Polyimides and related polymers, when synthesized from aromatic monomers, have generally rigid chain structures resulting in a low gas permeability. The rigidity of polymer chains reduces the segmental motion of chains and works as a good barrier against gas transport. To overcome the limit of use as materials of gas separation membranes due to low gas permeability, block copolymers with the incorporation of flexible segments like siloxane linkage and ether linkage have been studied. These block copolymers have microphase-separated structures composed of microdomains of flexible poly(dimethylsiloxane) or polyether segments and of rigid polyimides segments. In case of rigid-flexible block copolymers, the characteristics of both phases for gas permeation are of great difference.
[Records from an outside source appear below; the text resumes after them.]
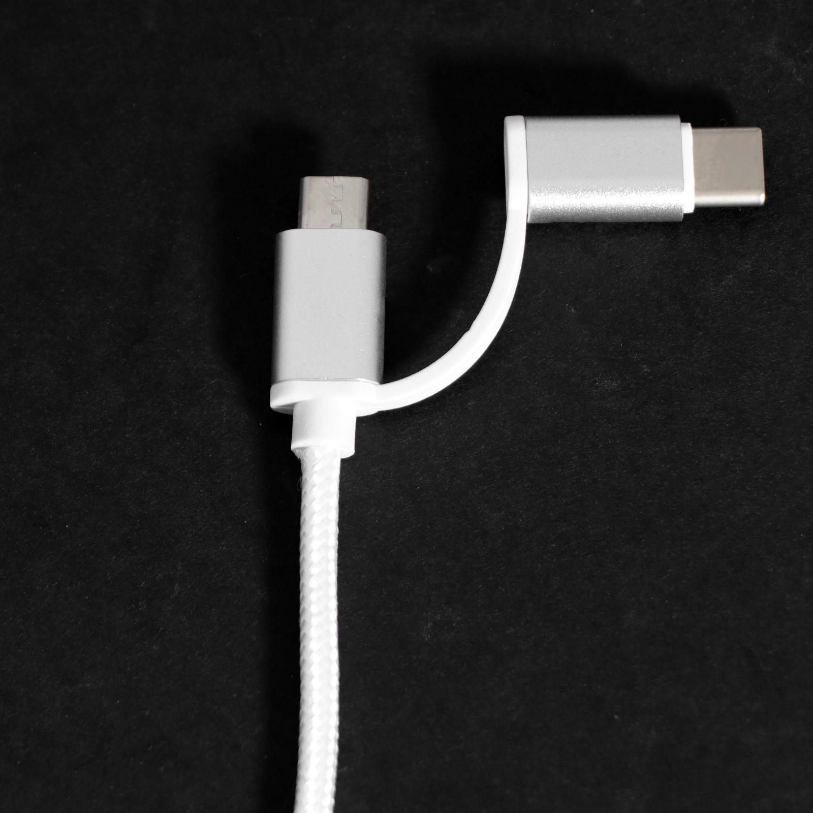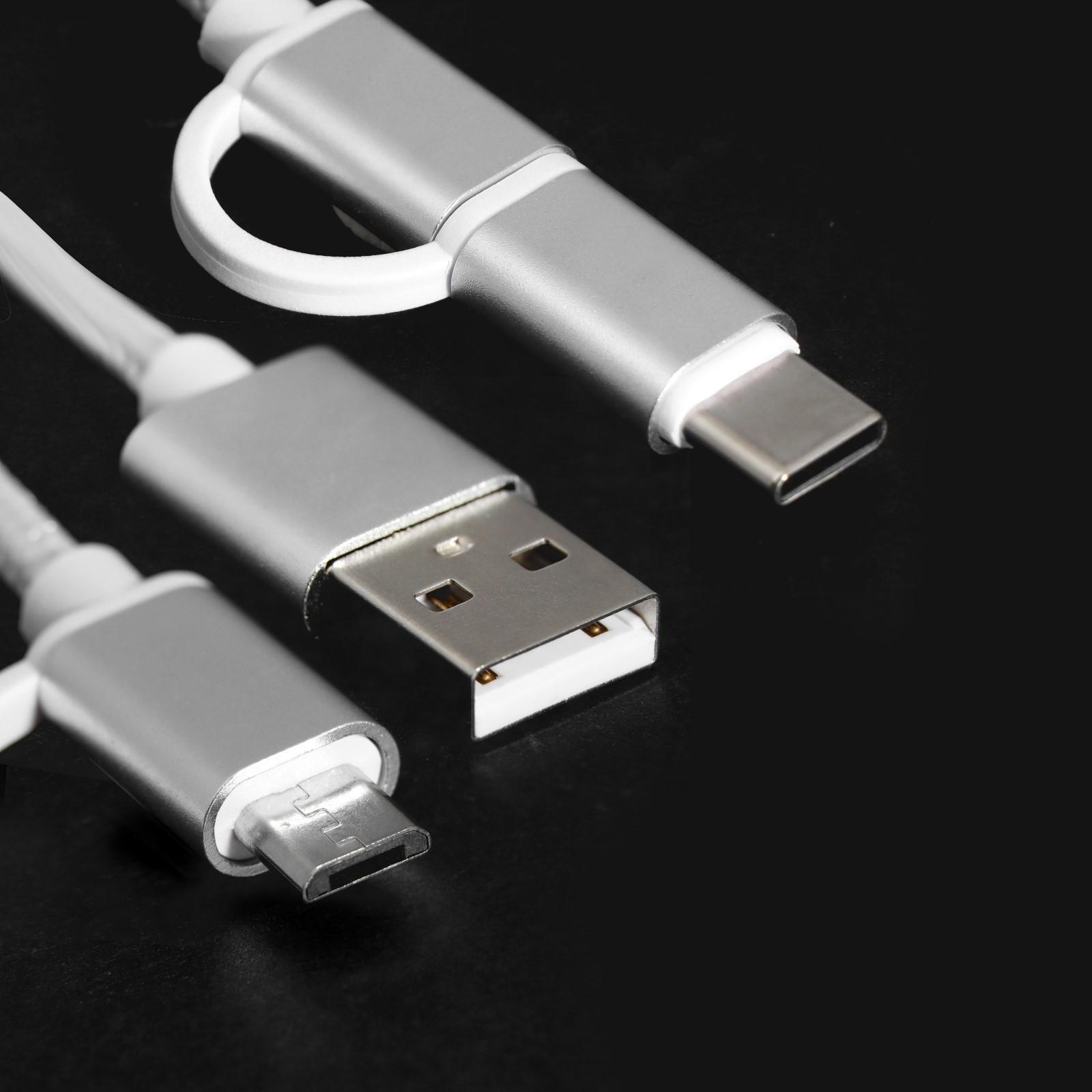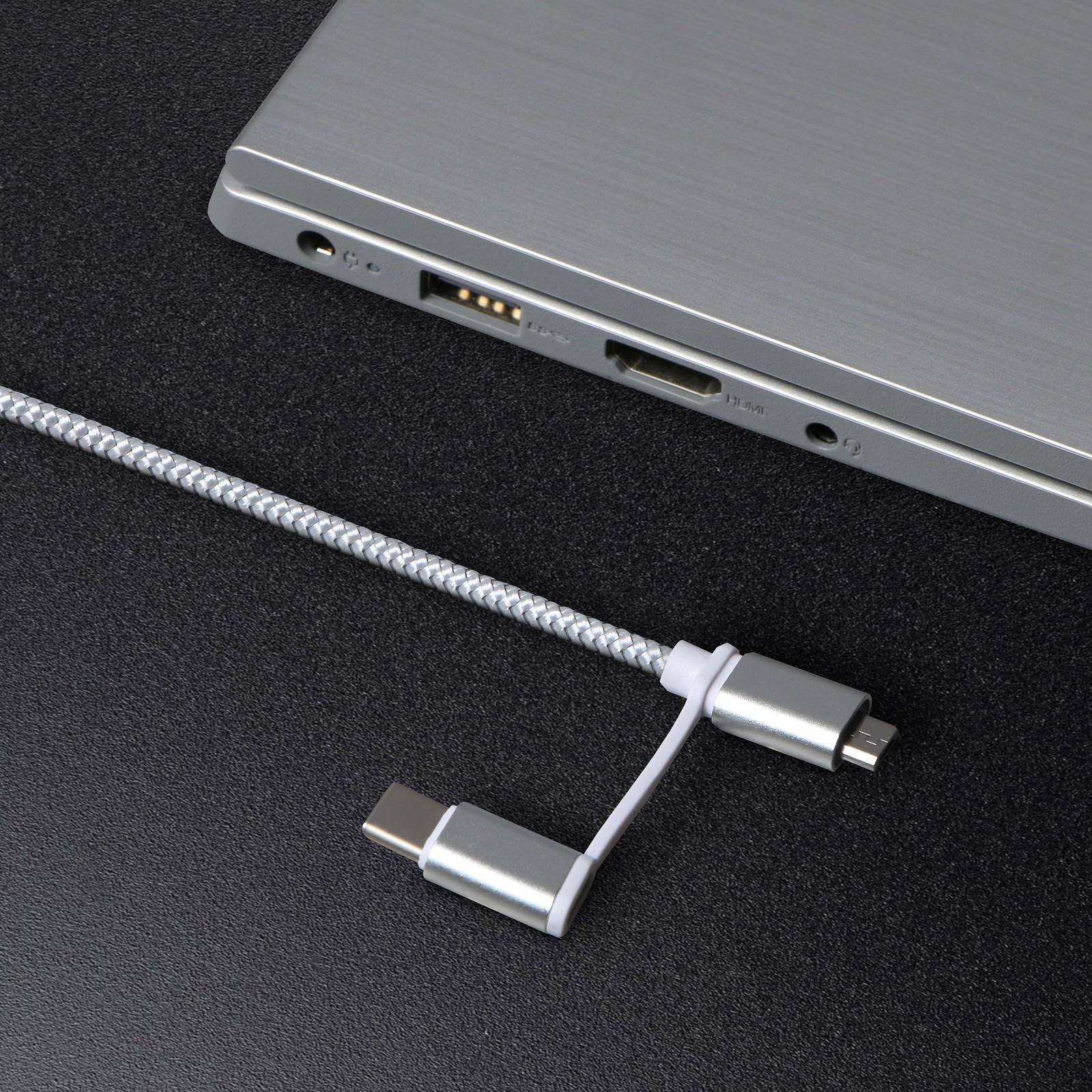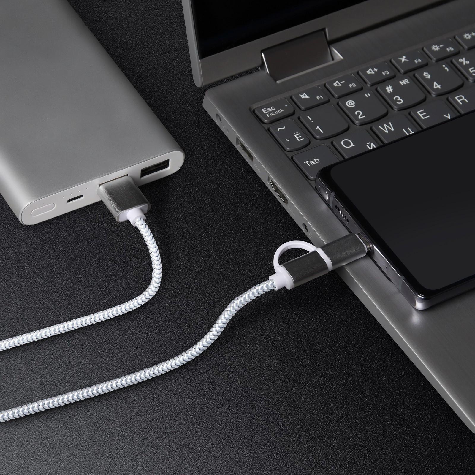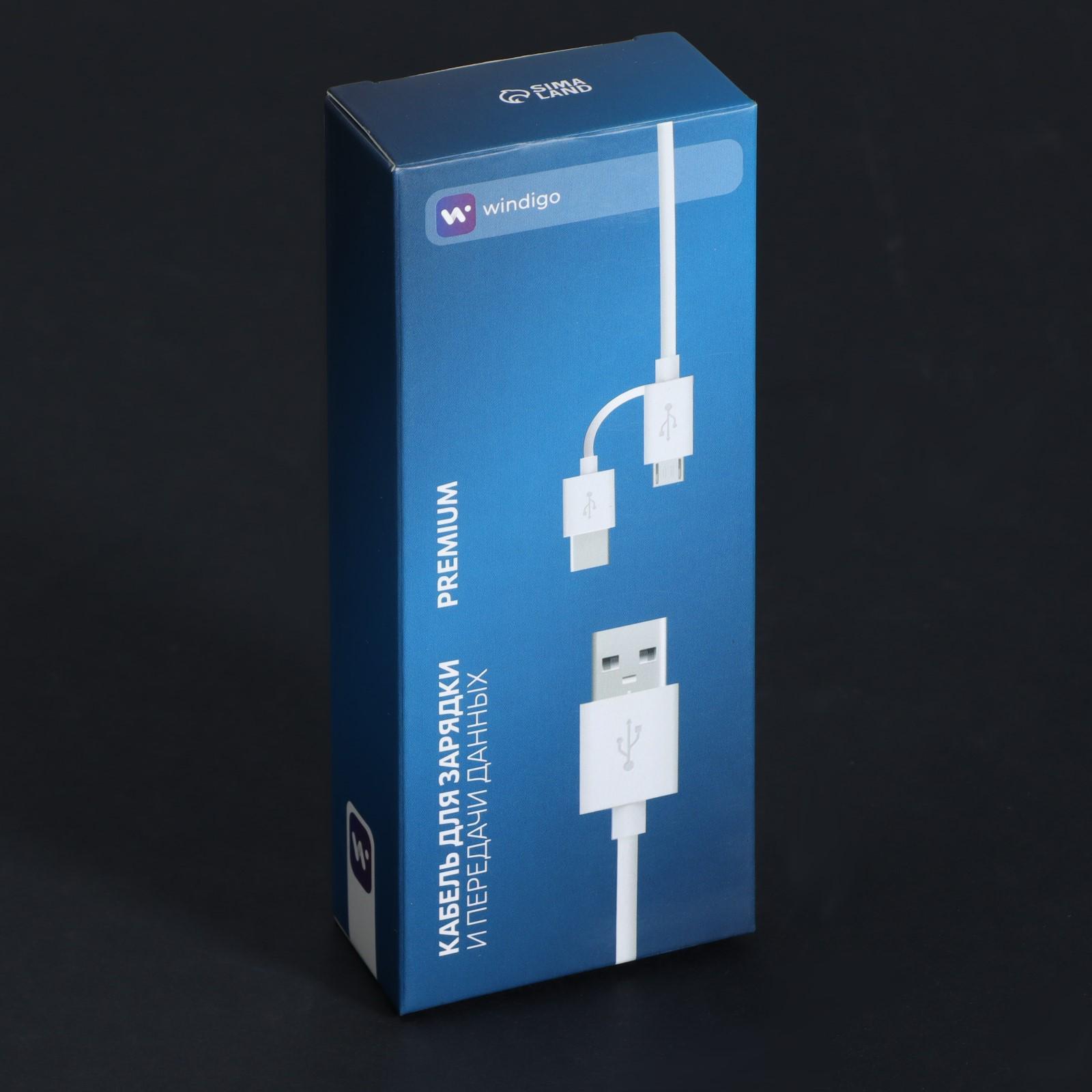 Кабель Windigo, 2 в 1, microUSB/Type-C - USB, 2 А, нейлон оплетка, 1 м, белый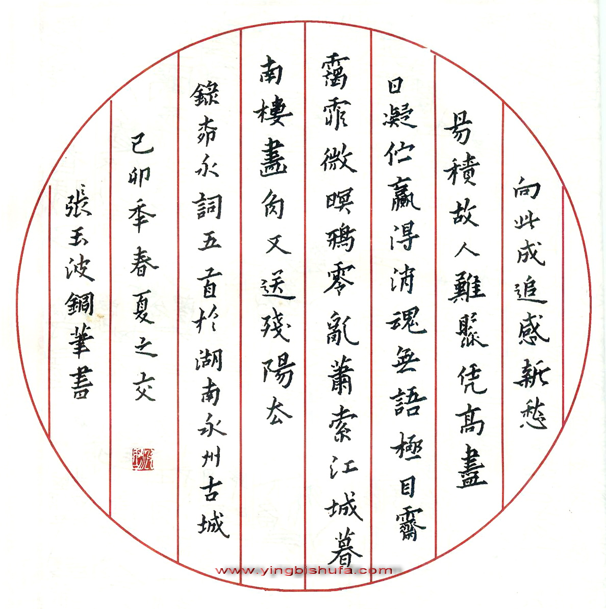 书宋代柳永词,幅式为仿团扇面之圆形,字体为楷书。此作明显受当代硬笔书坛老将谢非墨之影响,充分运用了美工笔(弯头笔)之粗细变化性能,多以露锋入笔,力求取得“运笔如刀”之效果,结构上多吸收魏晋古法,只是有几处尚有零乱、做作之感。(任平)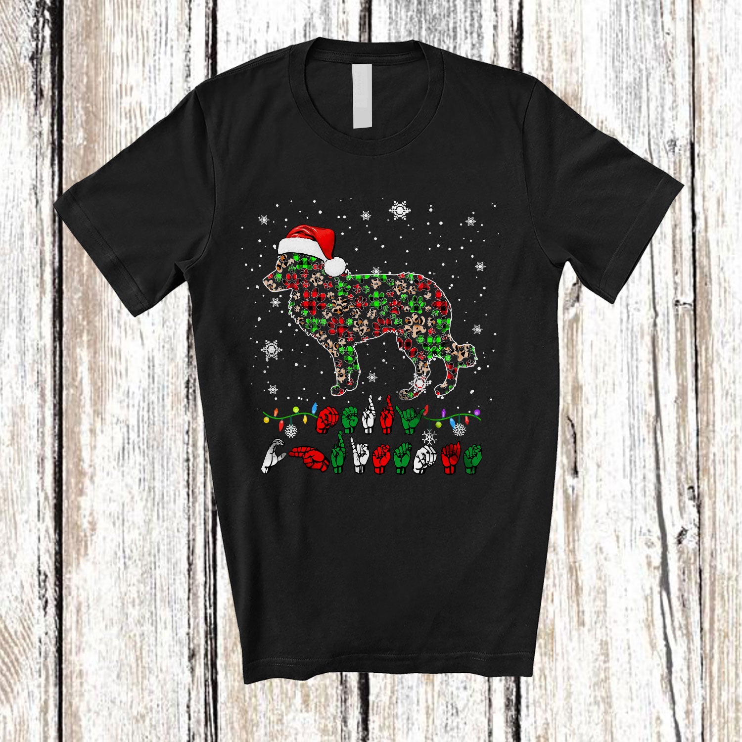 Merry Christmas ASL; Adorable X-mas Border Collie Shape Plaid Paws; Sign Language Family T-Shirt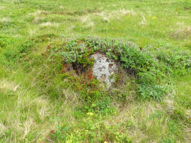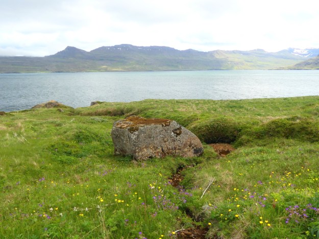 Here’s a stone marked by human tools in Neskaupstaðir. It is broken from the old sea cliff behind me, and lying on the old underwater shelf below. Note, too that it sits in a hollow.
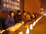 【明慧网2003年3月22日】遭遇了一场大暴雨的洗礼后,天空显得格外清亮。20日下午不到6点半(北京时间21日上午8点半),来自大芝加哥地区的部分法轮功学员来到中国驻芝加哥领事馆门前,抗议中国政府对美国公民,法轮功学员李祥春的非法审判。学员们都在静静地发正念,场面祥和,肃穆。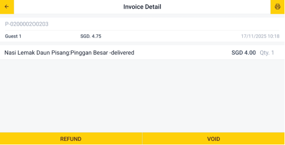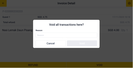 Tap "Void" to submit the refund request.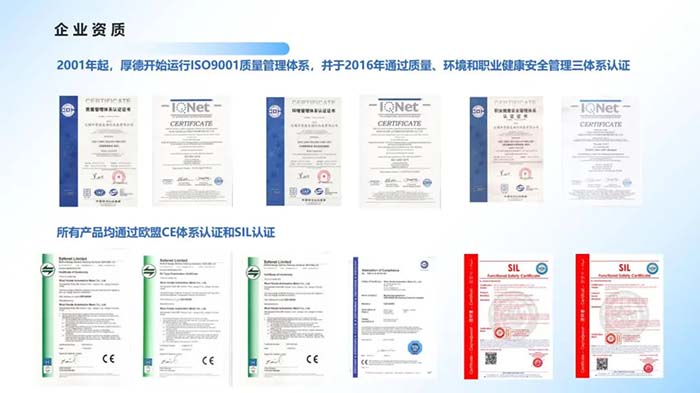 在后续的发展中,公司持续发力。多款产品通过国家防爆认证、矿用安标认证、国家 CCC 认证等。全系列产品均通过欧盟CE认证和SIL认证。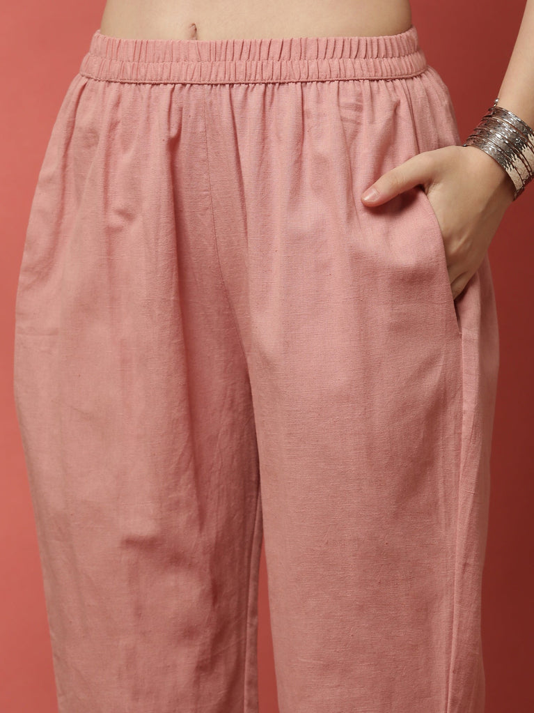 Light pink linen thread embroidery two piece suit set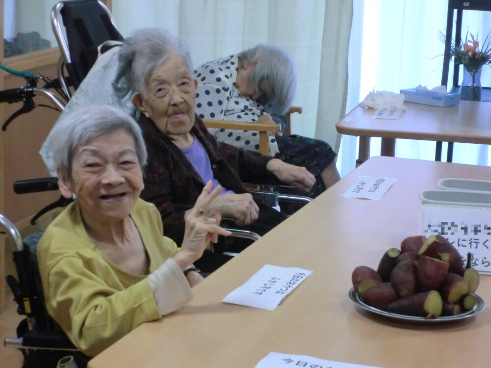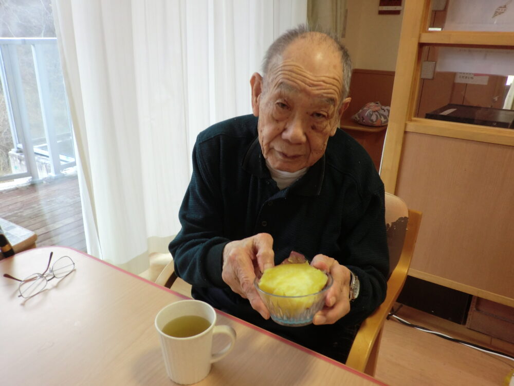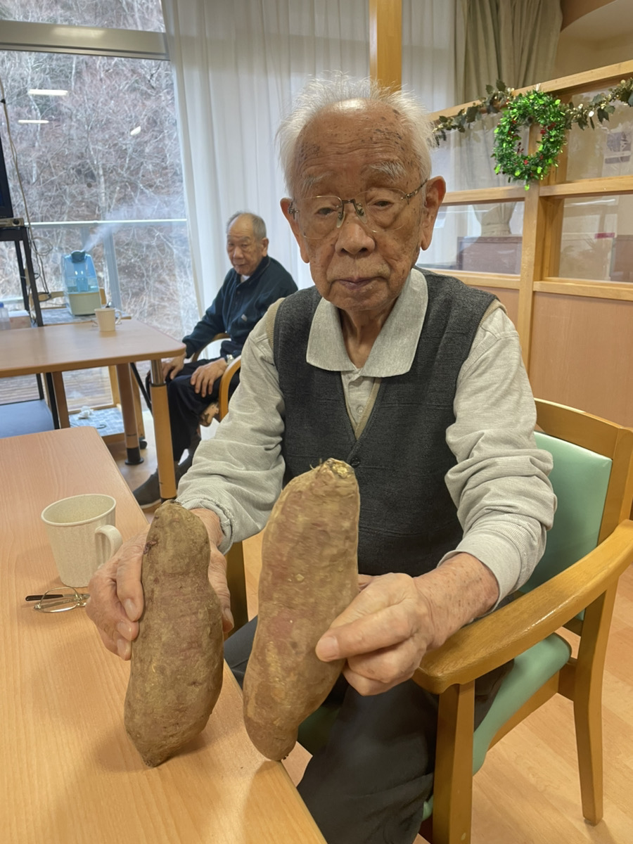 「いや~、こりゃ立派!旨そうな芋だな!」と利用者さまの笑顔。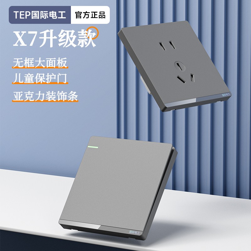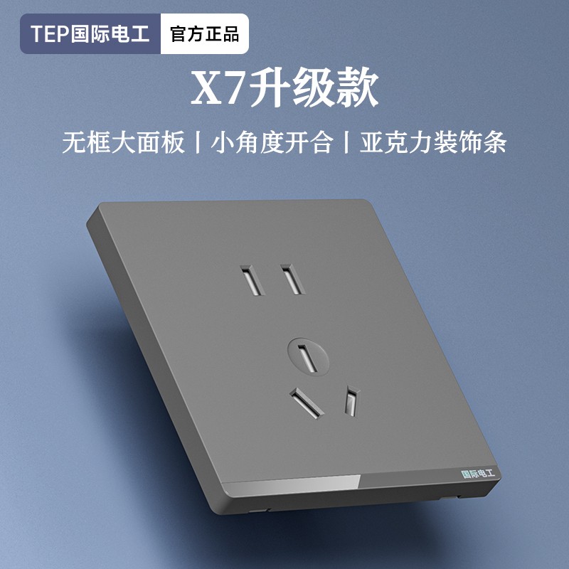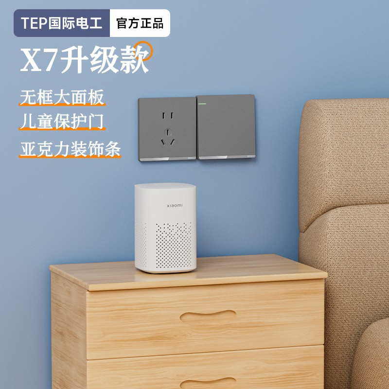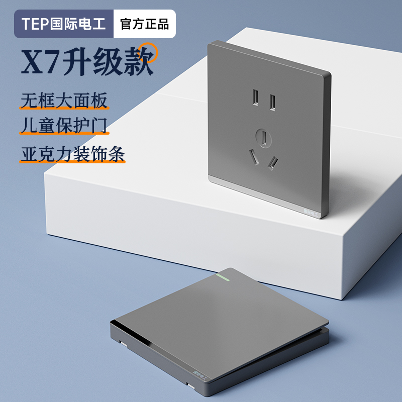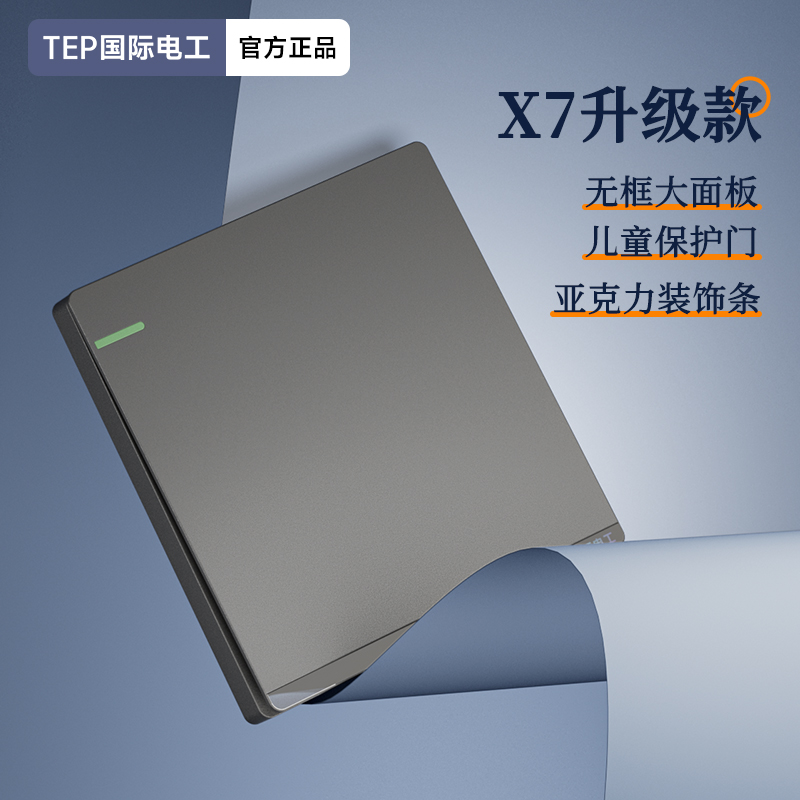X7升级款灰色开关 光影美学质感之选 家的格调 藏在每-处细节 开关上的小柔光夜起不用找 无框大面板 多重防护用电更安全 亚克力装饰条 儿童保护门 大间距 加厚铜件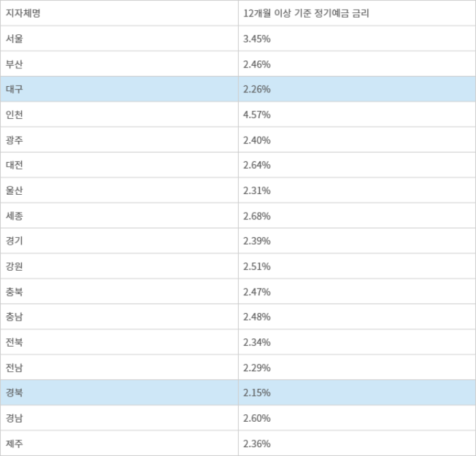 전국 17개 시도의 지자체 금고 이자율이 공개되면서 지자체별 금리 차이 배경에 관심이 쏠린다. 28일 행정안전부가 '지방재정 365'를 통해 공개한 '지방정부 금고 주요 항목별 적용 금리 현황'에 따르면 1금고 기준 대구와 경북의 12개월 이상 정기예금 이자율은 각각 2.26%, 2.15%다. 전국 243개 지방정부 금고 이자율(12개월 이상 정기예금 기준)은 전국 평균 2.53%다. 인천은 4.57%로 가장 높다.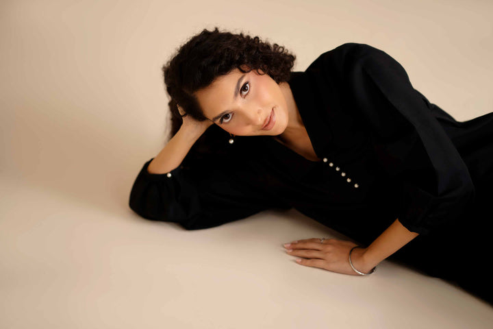 Statement straight long shirt with a pointed collar and slight gathers at the sleeves.

The permeation of gas molecules occurs favorably through microdomains of flexible segments, whereas those of rigid segments hinder the permeation of gas molecules. Accordingly the increase of content of flexible segments in a rigid polymer matrix will increase the gas permeability of the membrane linearly. However, this prediction does not satisfy enough many experimental results and in particular the drastic increase of the permeability is observed in a certain volume fraction. It was proposed that the gas transport mechanism is dominated by diffusion rather than gas solubility in a certain content of flexible phase if solution-diffusion mechanism is adopted. However, the transition from solubility-dependent to diffusion-dependent cannot be explained by the understanding of mechanism itself. Therefore, we consider an effective chemical path which permeable phase can form in a microheterogenous medium, and percolation concept is introduced to describe the permeability transition at near threshold where for the first time a percolation path occurs. The volume fraction of both phases is defined as V$_{\alpha}$ and V$_{\beta}$ in block copolymers, and the volume of $\beta$ phase in the threshold forming geometrically a traversing channel is defined as V$_{\betac}$. The formation mechanism of shortest chemical channel is schematically depicted in Fig. 1.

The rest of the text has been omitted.